On 28/09/11 08:37, N Keywal wrote:
> For example:
> - It's adding two layers (windows& linux), that can both fail, especially
> under heavy workload (and hadoop is built to use all the resources
> available). They will need to be managed as well (software upgrades,
> hardware support...), it's an extra cost.
> - These two layers will use randomly the different resources (HDD,
> CPU,network) making issues and performance analysis more complicated.

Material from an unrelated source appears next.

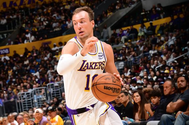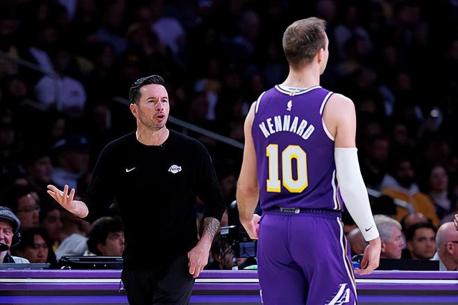 本场比赛中,刚刚在交易截止日前从亚特兰大老鹰加盟湖人的后场新援卢克-肯纳德(Luke Kennard)还是保持了自己的出色手感。肯纳德全场出场25分47秒,投篮10中4,三分线外5中3,得到了11分1篮板5助攻1抢断1盖帽的数据,还有1次失误,正负值为+17。肯纳德在进攻端还是展现出了自己超强的外线投射能力,他也是抓住了不多的机会得到了大量的分数。除此之外,肯纳德在传球和组织方面的同样是非常出色的,同样是在这方面起到了关键的作用。甚至肯纳德在防守端的表现也没有那么糟糕,也没有出现什么太大的问题。肯纳德算是打出了非常全面的表现,他在球队第二阵容中的作用非常突出,他也为球队的胜利做出了不小的贡献。

> - there will be a real performance impact. It's depends on what you do, and
> how is configured Windows& vmware, but on my non optimized laptop I lose
> more than 50%. VMWare claims 15% max, but it's without Windows (using direct
Where you take a big hit is in disk IO, as what your OS thinks is a disk
with sequentially stored files is just a single file in the host OS that
may be scattered round the real HDD. Disk IO goes through too many
layers. It's often faster to NFS mount the real HDD.
For compute intensive work, the performance hit isn't so bad, at least
provided you don't swap.
> - Last time I checked (a few months ago), vmware was not able to use all the
> core& memory of medium sized servers.
Same with VirtualBox, which I like because it is lighter weight.
I use VMs because the infrastructure provides it; things like ElasticMR
from AWS also offer it. Your code may be slower, but what you get is the
ability to bring up clusters on a pay-per-hour basis, and the ability to
vary the #of machines based on the workload/execution plan. If you can
compensate for the IO hit by renting four more servers, you may still
come out ahead.